RS-232/422/485 are better than surprise USB-C port that require outdated specific Rust compilers and random 32bit ARM binary and an archive.org copy of random repository along cryptic code comments in it to make it work. Obsoleting RS-* ports could very well trigger that event.
What is this a reference to? I'm guessing an rlib was required without them considering ABI stablility, but I can't figure out the rest.
My favourite is connecting to some piece of embedded hardware’s USB service port and finding it’s a bog standard FTDI chipset… complete with the vendor’s drivers being a repackaged version of ftdibus.sys
And for even more fun, multiple vendors with multiple, incompatible versions of the FTDI drivers required.

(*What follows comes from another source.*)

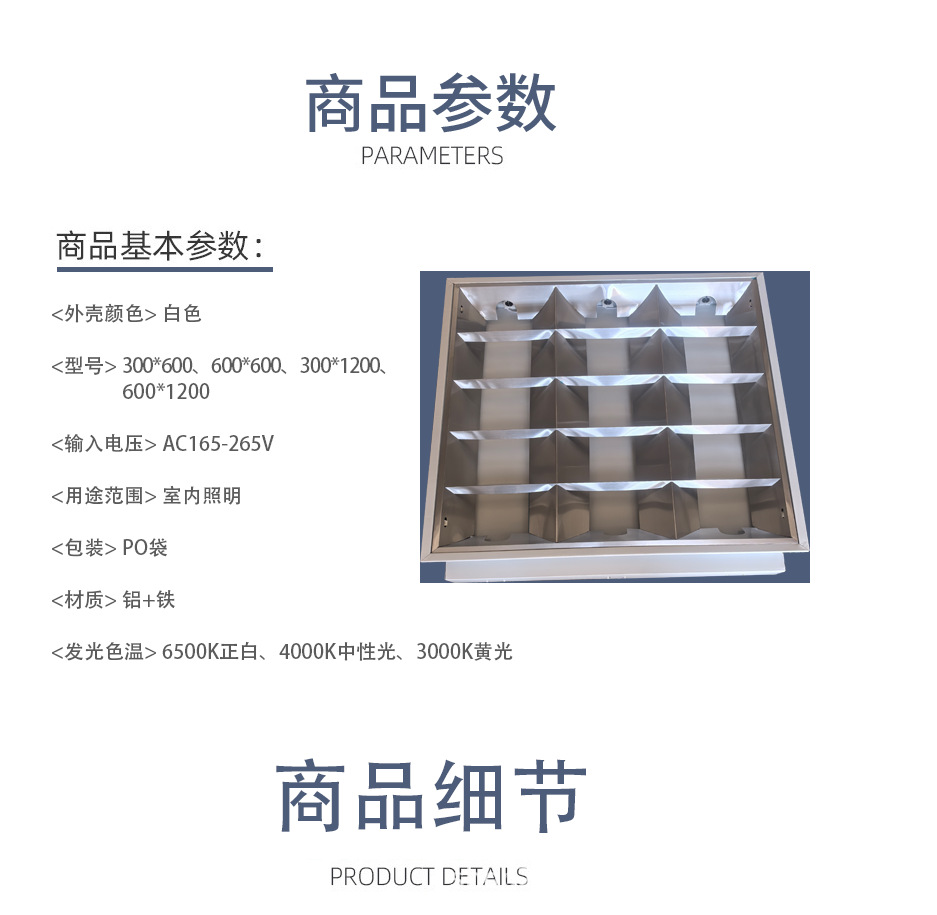 メーカー卸売りt5 t8増厚金暗装明装1200*600*300*300*600*1200グリルライト盤

The problem though is that while serial is indeed much more commonplace than you might think (look at any device in your household, chances are high that it contains at least one internal serial port that was used for development), it’s all 3.3V or less with no negative voltages now. We don’t really use the RS-232 physical interface much anymore, it’s very unwieldy. (We also seldomly connect anything but the tx and rx lines, which is a bit of a shame for flow control, but often sufficient for what the ports are actually used for.)
So if you interface with those “modern” incarnations of serial ports today, your built in RS-232 COM port is useless most of the time anyway, and you already resort to a small, cheap USB serial adapter board that does the same thing at nowadays non-insane signal levels.